Those limitations may actually be more informative than the successes. Carlini reports that toward the end of the project, fixing bugs and adding features "frequently broke existing functionality," a pattern familiar to anyone who has watched a codebase grow beyond the point where any contributor fully understands it.

And that limitation is even more common when dealing with AI coding agents, which lose coherence over time. The model hit this wall at around 100,000 lines, which suggests a practical ceiling for autonomous agentic coding, at least with current models.

The human work behind the automation

Anthropic describes the compiler as a "clean-room implementation" because the agents had no Internet access during development. But that framing is somewhat misleading.

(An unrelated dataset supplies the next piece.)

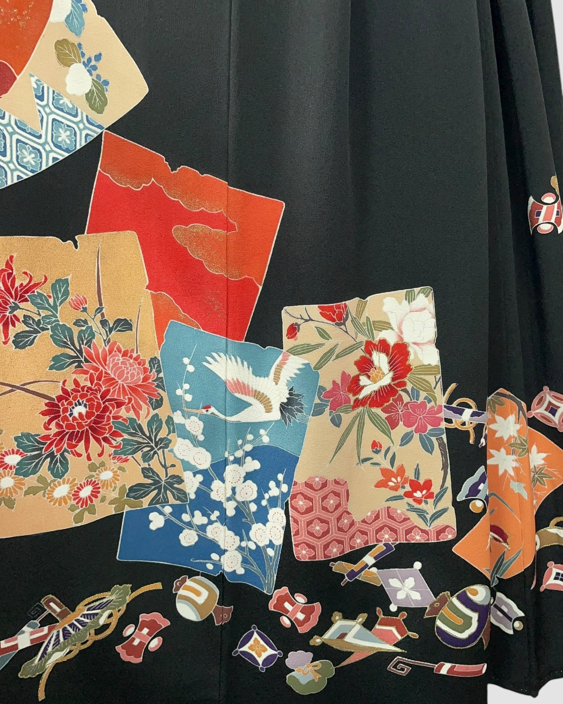 着物重ねスカート(黒留袖より制作) Kimono Overlay Skirt (Made of Kurotomesode-Kimono)

The underlying model was trained on enormous quantities of publicly available source code, almost certainly including GCC, Clang, and numerous smaller C compilers. In traditional software development, "clean room" specifically means the implementers have never seen the original code. By that standard, this isn't one.

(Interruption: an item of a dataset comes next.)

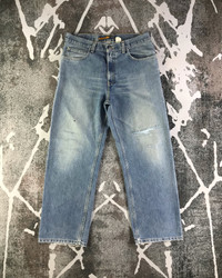 This is used item, please don't expected it to be like "new" or in "pristine" condition, Thank You. Measurements: Waist – Size 32 Manual 34 inches Front Rise - 11.5 inches Hips - 43 inches Thigh - 25 inches Leg opening – 18 inches Inseam – 29 inches Waist : From the top button to the back belt loop / doubled Rise : From the crotch seam to the top of the waistband Hips: From edge to edge at the base of the zipper / doubled Thigh : From the crotch across to the outside of the leg / doubled Leg opening : From seam to seam / doubled Front Rise : From the crotch seam to the top of the waistband Inseam : From the crotch down the inner seam to the hem ***All measurements are taken when the jeans are laying flat TRACKING NUMBER WILL BE GIVEN AFTER POSTAGE Looking for serious buyer only, Thanks for view and have a nice day!

On Hacker News, the distinction drew sharp debate, reflective of a controversial reception to the news among developers. "It was rather a brute force attempt to decompress fuzzily stored knowledge contained within the network," wrote one commenter.

The $20,000 figure also deserves some context. That number covers only API token costs and excludes the billions spent training the model, the human labor Carlini invested in building the scaffolding, and the decades of work by compiler engineers who created the test suites and reference implementations that made the project possible.

And that scaffolding was not trivial, which makes any claim of "autonomous" work on the C compiler among the AI agents dubious. While the headline result is a compiler written without human pair-programming, much of the real work that made the project function involved designing the environment around the AI model agents rather than writing compiler code directly. Carlini spent considerable effort building test harnesses, continuous integration pipelines, and feedback systems tuned for the specific ways language models fail.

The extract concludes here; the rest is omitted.